Well, it's come at last, or at least it's in the process of coming: the IRA has at last declared what has been pretty obvious for a while: that the armed campaign is over (the full statement is here: hat-tip Slugger). Which really means that the environment has changed so profoundly, post McCartney and electoral competition in the South, that the IRA has stopped being Sinn Féin's lever for better deals and has become something of an albatross.

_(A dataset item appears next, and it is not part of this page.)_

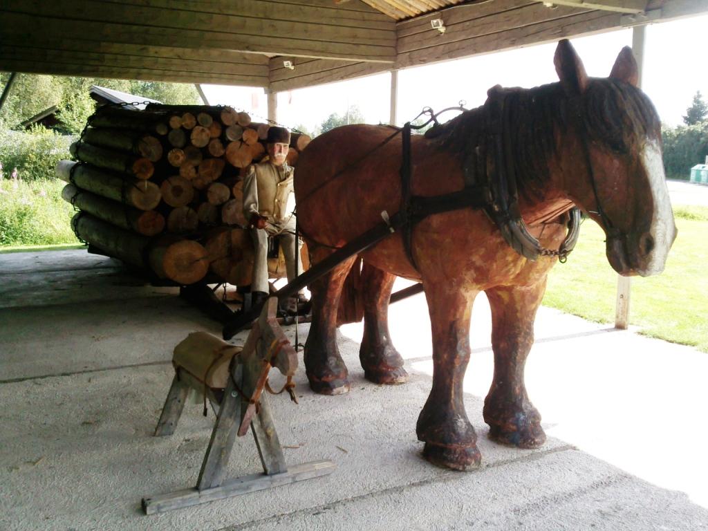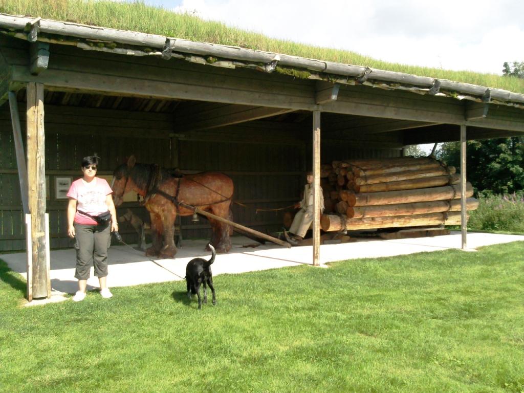 Man kann dort alten aus der umgebung zusammengetragenen holzgebäude betreten,welche auf verschiedene art ausgestattet sind - schmiede,backhaus,stallungen,scheune,wohnhaus usw. Draussen stehen alte maschinen und werkzeuge. Besonders interessierte uns eine alte traditionelle methode des holztransportes.

Reactions to the news will of course be very different (no matter what the taciturn General de Chastelain will say). That's no surprise. I think many people here have consistently underestimated the gulf between both main communities in terms of what they think drove the Troubles. Colin Irwin, in a 2001 edition of the Global Review of Ethnic Politics, published an article on opinion polls in NI, which included (on page 69) this interesting table:
Very interesting, I think. Catholics, it seems, are more likely to believe that the Troubles were driven by social factors whereas Protestants are more likely to believe that they were driven by security factors. You want to get to grips with why decommissioning is such an important thing for Unionists? Well that's why. The Agreement has never delivered security for them because it never delivered decommissioning. We should not underestimate the degree to which such things matter.
SF has been very successful at shifting the post-GFA situation towards reassuring the Catholic community on the issues that they see as having driven the Troubles, but the Protestants have been left high and dry. Which is why today is important.
Important, that is, if Unionists come to believe that it's really true.